==== Supplied material

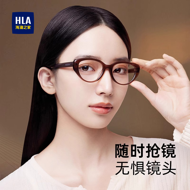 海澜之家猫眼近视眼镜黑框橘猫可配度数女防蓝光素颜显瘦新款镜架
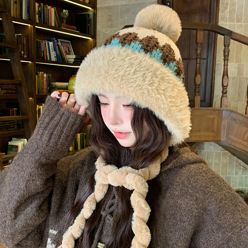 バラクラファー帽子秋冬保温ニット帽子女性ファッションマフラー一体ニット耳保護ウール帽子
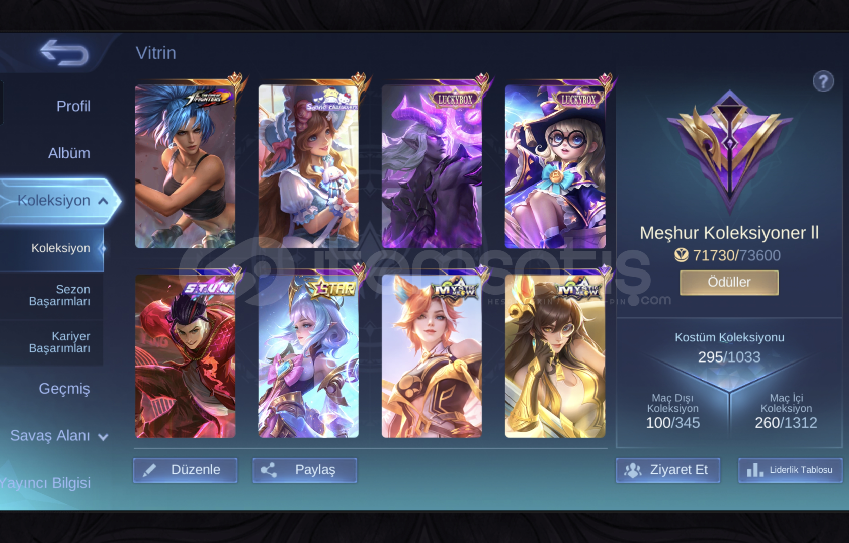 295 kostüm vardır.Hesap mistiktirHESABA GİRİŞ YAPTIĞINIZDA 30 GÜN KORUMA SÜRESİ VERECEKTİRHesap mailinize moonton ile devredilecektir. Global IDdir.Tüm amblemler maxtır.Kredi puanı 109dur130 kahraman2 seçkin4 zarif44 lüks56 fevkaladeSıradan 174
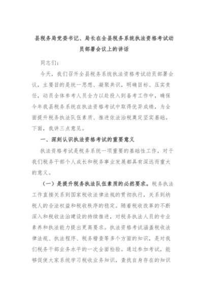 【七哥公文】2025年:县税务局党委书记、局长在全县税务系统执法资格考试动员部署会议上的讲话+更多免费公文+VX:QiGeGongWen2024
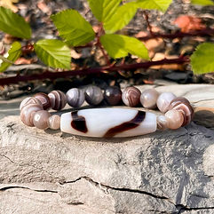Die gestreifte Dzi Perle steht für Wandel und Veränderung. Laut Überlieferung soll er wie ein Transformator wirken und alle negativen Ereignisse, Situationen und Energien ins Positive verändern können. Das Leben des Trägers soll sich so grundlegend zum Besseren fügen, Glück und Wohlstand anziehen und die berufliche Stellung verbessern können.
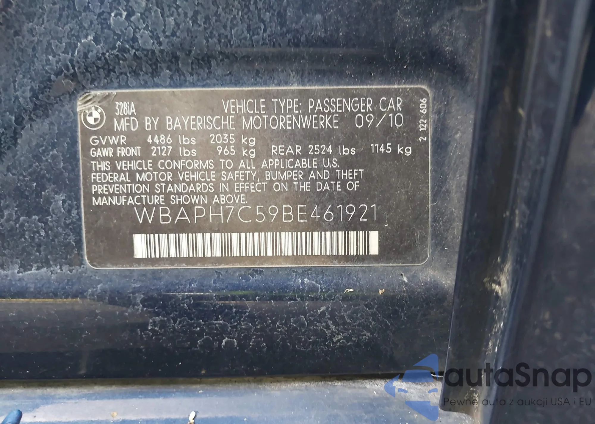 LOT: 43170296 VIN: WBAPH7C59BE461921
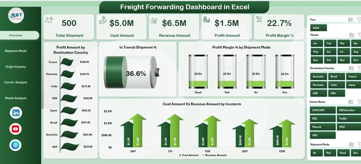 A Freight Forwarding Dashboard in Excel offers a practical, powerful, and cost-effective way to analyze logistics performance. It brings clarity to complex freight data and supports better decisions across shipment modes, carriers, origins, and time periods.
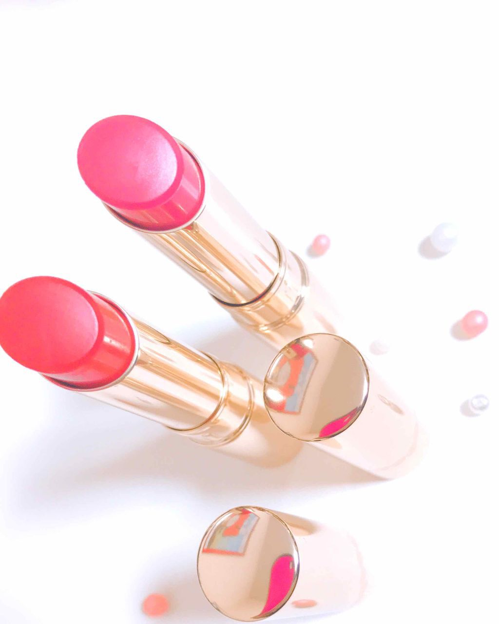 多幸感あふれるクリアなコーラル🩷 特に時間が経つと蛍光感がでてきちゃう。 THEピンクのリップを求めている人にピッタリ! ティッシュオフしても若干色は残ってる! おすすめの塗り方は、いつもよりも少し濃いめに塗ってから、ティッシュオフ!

========

Would you set down, word for word, the lines running from the one that contains "バラクラファー帽子秋冬保温ニ" to the last line of the material, omitting all pictures?

 バラクラファー帽子秋冬保温ニット帽子女性ファッションマフラー一体ニット耳保護ウール帽子
 295 kostüm vardır.Hesap mistiktirHESABA GİRİŞ YAPTIĞINIZDA 30 GÜN KORUMA SÜRESİ VERECEKTİRHesap mailinize moonton ile devredilecektir. Global IDdir.Tüm amblemler maxtır.Kredi puanı 109dur130 kahraman2 seçkin4 zarif44 lüks56 fevkaladeSıradan 174
 【七哥公文】2025年:县税务局党委书记、局长在全县税务系统执法资格考试动员部署会议上的讲话+更多免费公文+VX:QiGeGongWen2024
Die gestreifte Dzi Perle steht für Wandel und Veränderung. Laut Überlieferung soll er wie ein Transformator wirken und alle negativen Ereignisse, Situationen und Energien ins Positive verändern können. Das Leben des Trägers soll sich so grundlegend zum Besseren fügen, Glück und Wohlstand anziehen und die berufliche Stellung verbessern können.
 LOT: 43170296 VIN: WBAPH7C59BE461921
 A Freight Forwarding Dashboard in Excel offers a practical, powerful, and cost-effective way to analyze logistics performance. It brings clarity to complex freight data and supports better decisions across shipment modes, carriers, origins, and time periods.
 多幸感あふれるクリアなコーラル🩷 特に時間が経つと蛍光感がでてきちゃう。 THEピンクのリップを求めている人にピッタリ! ティッシュオフしても若干色は残ってる! おすすめの塗り方は、いつもよりも少し濃いめに塗ってから、ティッシュオフ!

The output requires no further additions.